▶ Exercise prompt
Beginning at the line that contains "Ett set med" and finishing at the line that contains "配布前半は外国人観光客の通行", output the data below exactly. Include both end lines and no pictures.
[Opening The data section]
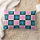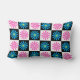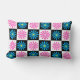 Zwart-wit geometrische geruit roze en blauwe bloemen Abstracte vormen Oppervlaktepatroon ontwerp
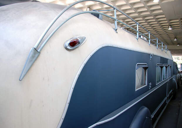 четырёхтонный прицеп, перманентно присобаченный к тягачу, был выпущен флоридской формой Curtiss Aerocar(иногда упоминается как Curtiss Aerocar Land Yacht). найти про неё особо ничего не удалось, кроме того, что она, вероятно, была основана одним из пионеров авиации и конкурентом братьев Райт Гленном Кёртиссом (Glenn Hammond Curtiss).
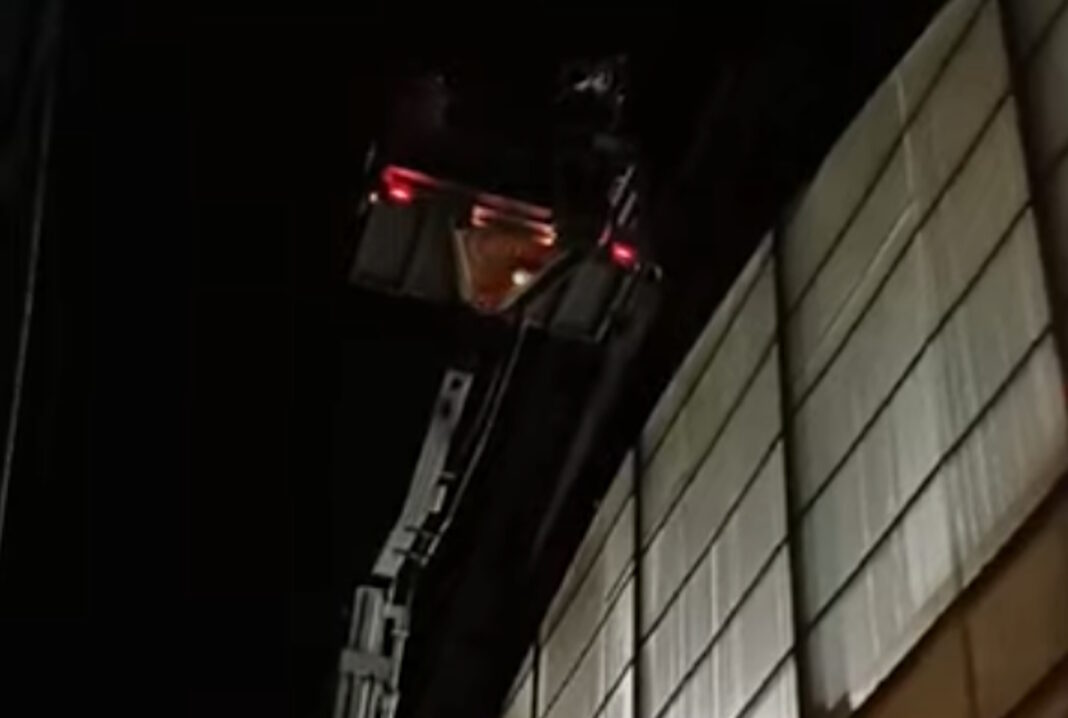 Το κολυμβητήριο εκκενώθηκε προκειμένου η Πυροσβεστική Υπηρεσία να προχωρήσει με ασφάλεια στην επιχείρηση απομάκρυνσης του πλεξιγκλάς.
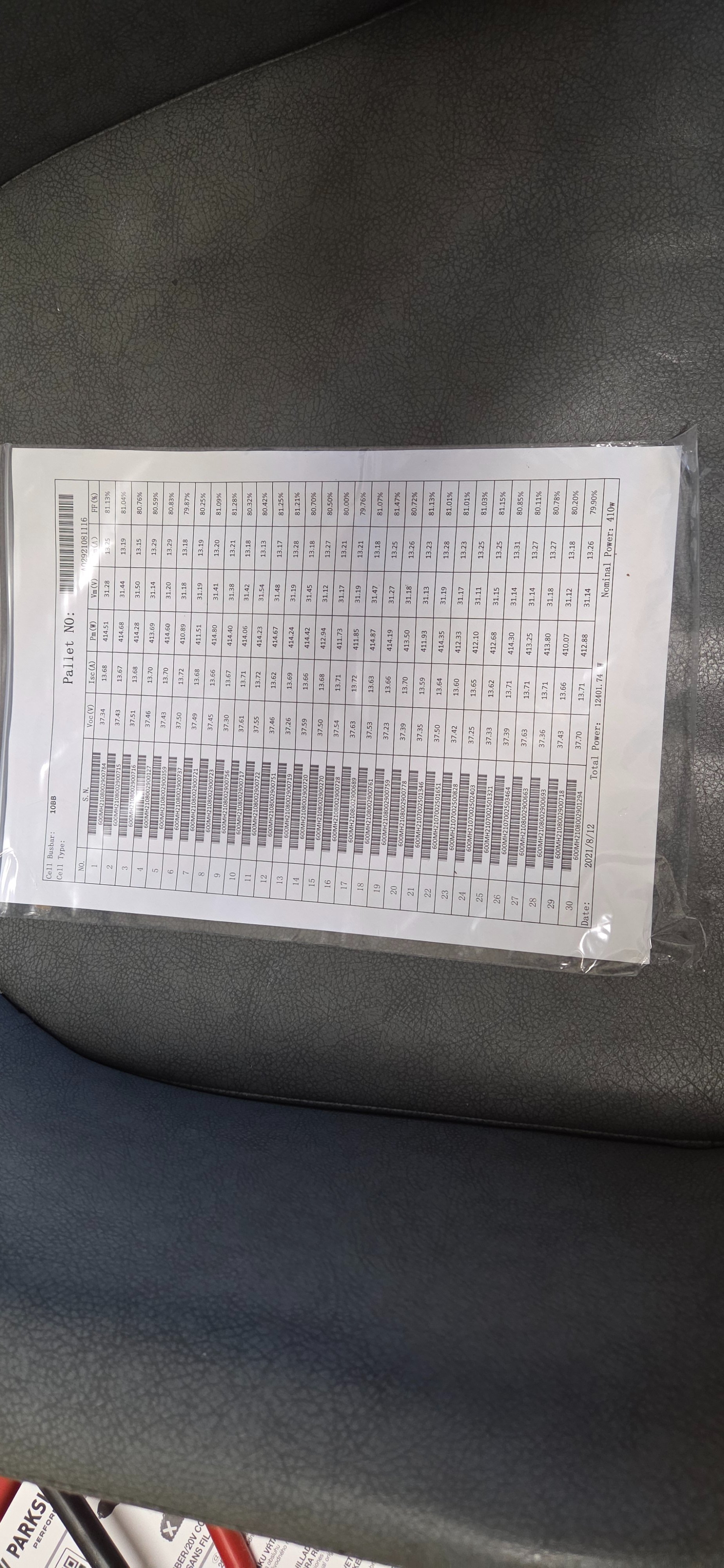 Toto je na paletĕ,protokol mĕřeni každého panelu
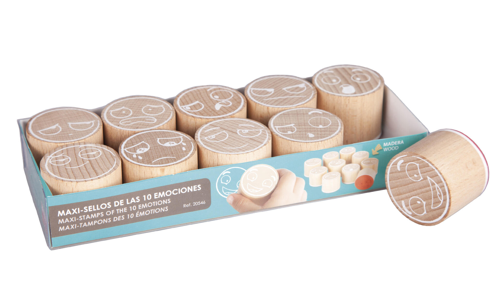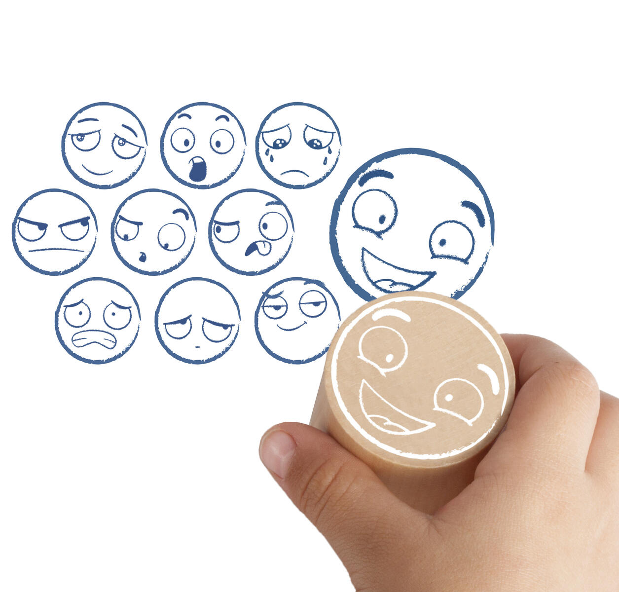 Ett set med 10 stora stämplar som visar våra 10 grundläggande känslouttryck: glädje, självförtroende, beundran, nyfikenhet, överraskning, ilska, avsky, ledsen, rädd och skyldig. Dessa hjälper barn att identifiera och uttrycka sina känslor och utvecklar deras sociala och emotionella färdigheter. Kan användas med vilken stämpeldyna som helst.
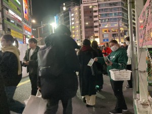 配布前半は外国人観光客の通行が多く、配布スピードの面では課題もありましたが、1名の受け取りをきっかけに周囲の方が続いて受け取るなど、連鎖的な反応が多く確認できました。
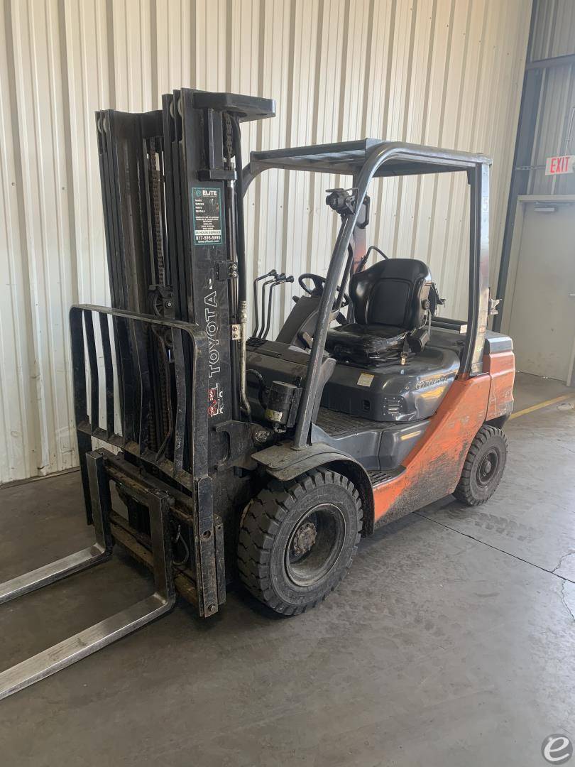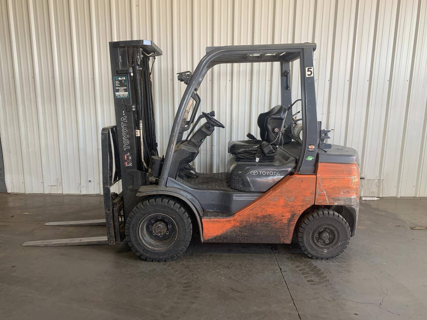 Equipment Description: General Information Model 8FGU25 Manufacturer Toyota Type Forklift Engine Engine Type Internal Combustion Fuel Type LPG Gasoline Engine Model Toyota 4Y Dimensions Overall Length approximatelyinches Overall Width approximately 45 inches Overall Height to top of overhead guard approximately 83 inches Wheelbase around 59 inches Weights Weight approximatelylbs Performance Load Capacity lbs Travel Speed unloaded approximately 11 mph Turning Radius approximately 87 inches Tires Tire Type Pneumatic Front Tires 7 00-12-12PR Rear Tires 6 00-9-10PR Brakes Service Brake Hydraulic Parking Brake Mechanical Lever Hydraulic System Auxiliary Hydraulic Flow varies Attachments Fork Length varies
[Closing The data section]
▶ Expected answer
 Ett set med 10 stora stämplar som visar våra 10 grundläggande känslouttryck: glädje, självförtroende, beundran, nyfikenhet, överraskning, ilska, avsky, ledsen, rädd och skyldig. Dessa hjälper barn att identifiera och uttrycka sina känslor och utvecklar deras sociala och emotionella färdigheter. Kan användas med vilken stämpeldyna som helst.
 配布前半は外国人観光客の通行が多く、配布スピードの面では課題もありましたが、1名の受け取りをきっかけに周囲の方が続いて受け取るなど、連鎖的な反応が多く確認できました。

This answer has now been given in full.